As shown in Table 1, since the relative binding free energy calculation incorporates two systems (namely, the wild-type and the mutated systems), we illustrated the MM/GBSA binding free energy for both systems in each reference time point (20, 50 and 100 ns) to give a comparison. It can be found that the calculated binding free energy of the wild-type system is very stable across the whole 100 ns MD simulation with the energetic difference between the 20 and 100 ns results < 1 kcal/mol (∆∆GWT_100ns-20ns = − 0.56 kcal/mol), whereas large energetic difference is shown of the D111L-mutated system (∆∆GMT_100ns-20ns = 4.25 kcal/mol). The reason why so large energetic difference happens in the mutated system may be attributed to the manually introduced mutation that may probably perturb the surrounding residues of the protein. Therefore, we further decomposed the total binding free energy into residue level to reveal a more detailed picture. Figure 6B illustrates the most energetic difference contributed residues, where TYR25 exhibits the most significant energetic change between the mutated and the wide-type systems. Further superimposition of the most populated conformations of the wild-type and the mutated systems shows that, although the conformation of TYR25 does not change dramatically during the 100 ns MD simulation, the sidechain of the ligand exhibits an obvious conformational shift (Fig. 6C) that does not occur at the beginning of MD simulation, but gradually shifts with the extension of the MD simulation and finally results in remarkably attenuated interaction to TYR25 (− 3.39 versus − 2.24 kcal/mol in the 20 and 100 ns MD results, respectively), implying that long time MD simulation is capable of re-adjusting the distribution of the micro-environment of the protein around the mutation site, thus leading to more reasonable energetic result against the experimental data.
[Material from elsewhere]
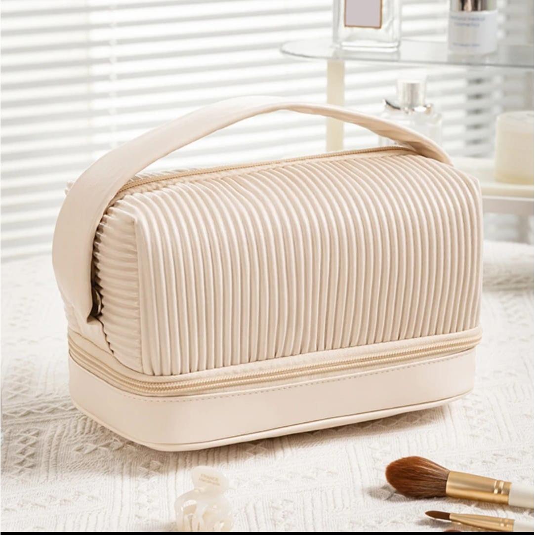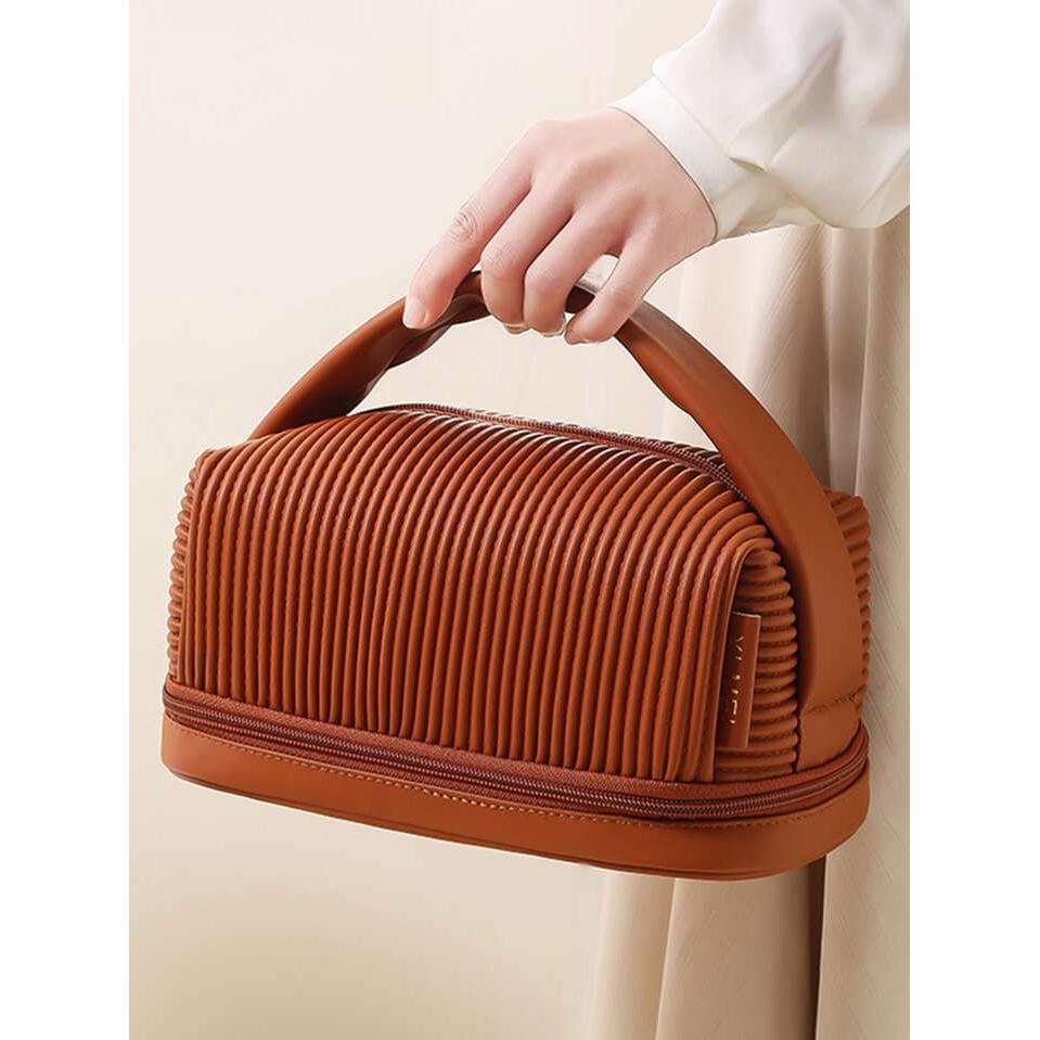 Keep your beauty essentials organized and protected with this Large Capacity Waterproof Double Layer Cosmetic Bag. Perfect for travel or everyday use, this spacious makeup organizer features a double-layer design for convenient storage of cosmetics, skincare products, and accessories. Made from waterproof material, it ensures your items stay safe and dry, while the stylish design makes it a must-have for anyone on the go. Available in cream, brown, and pink, this cosmetic bag combines functionality with chic style

Table 1 Energetic difference of the D7R4-tryptamine systems in the 20, 50 and 100 ns MD simulations based on MM/GBSA (kcal/mol, εin = 1)

Conclusion

In this study, comprehensive analyses were performed to investigate the mutation effects on the performance of end-point binding free energy calculations. Compared with the alchemical methods, end-point binding free energy calculations represented by MM/GBSA and MM/PBSA are much computationally cheaper with reasonable accuracy (with the best rp ~ 0.44 on a challenging dataset), thus are useful for application in large-scale mutation associated studies.
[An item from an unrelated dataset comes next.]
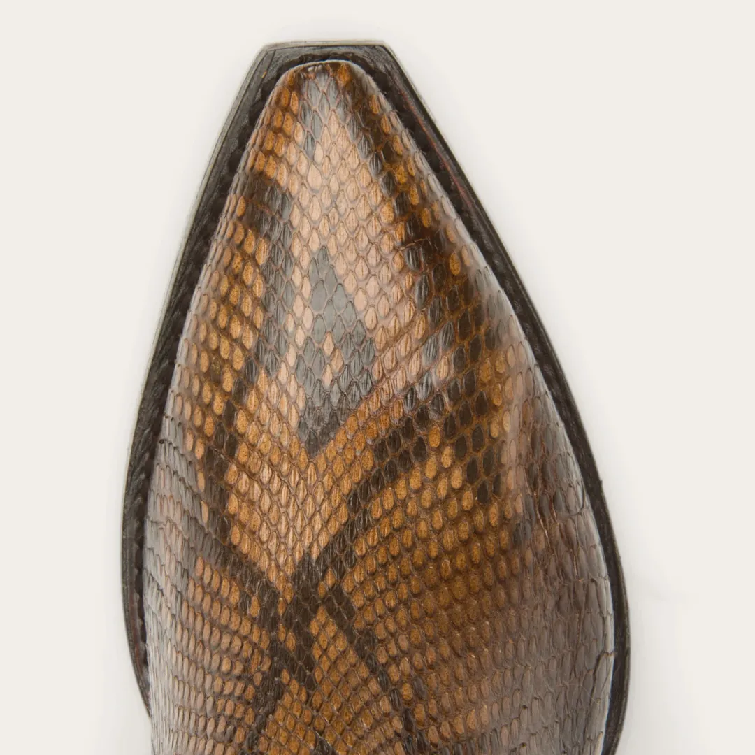 The iconic Yasmin boots make a statement wherever you go. These premium boots are constructed of brown Python vamp and a single welt. The high-quality cushioned leather insole ensures absolute comfort. Built to stand out, each pair is lasted, stitched, and tooled by hand to ensure absolute excellence and performance.

Specifically, the current result shows that a relatively long MD simulation (e.g. 100 ns) usually benefits the prediction accuracy in both MM/GBSA and MM/PBSA, in which MM/GBSA is insensitive to the dielectric constant, while MM/PBSA prefers a relatively higher dielectric constant (εin = 2 or 4). Overall, MM/GBSA and MM/PBSA give a comparable best accuracy in the MD-based calculations (with the Pearson correlation coefficients of 0.431 and 0.439 for MM/GBSA and MM/PBSA, respectively), while MM/PBSA performs remarkably better than MM/GBSA in the minimized structures though the best Pearson correlation coefficient is very low (rp = 0.201).
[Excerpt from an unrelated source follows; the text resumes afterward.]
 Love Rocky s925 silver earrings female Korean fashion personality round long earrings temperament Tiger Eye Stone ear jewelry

Moreover, analyses of the mutation properties to the prediction accuracy show that systems suffering from large perturbations (e.g. multiple mutations or large number of heavy atoms change in the mutation site) are much easier to be accurately predicted due to the significant change of the systems. Besides, a system of D7R4-tryptamine was employed as an example to reveal the impact of MD simulation time on the mutation effect, where conformational change of the ligand caused by the manually introduced mutation is found responsible for the adjustment of the binding free energy difference along the MD trajectory, indicating that manually modeled structures should be well adjusted by strategies such as MD simulation to match the micro-environment of the protein.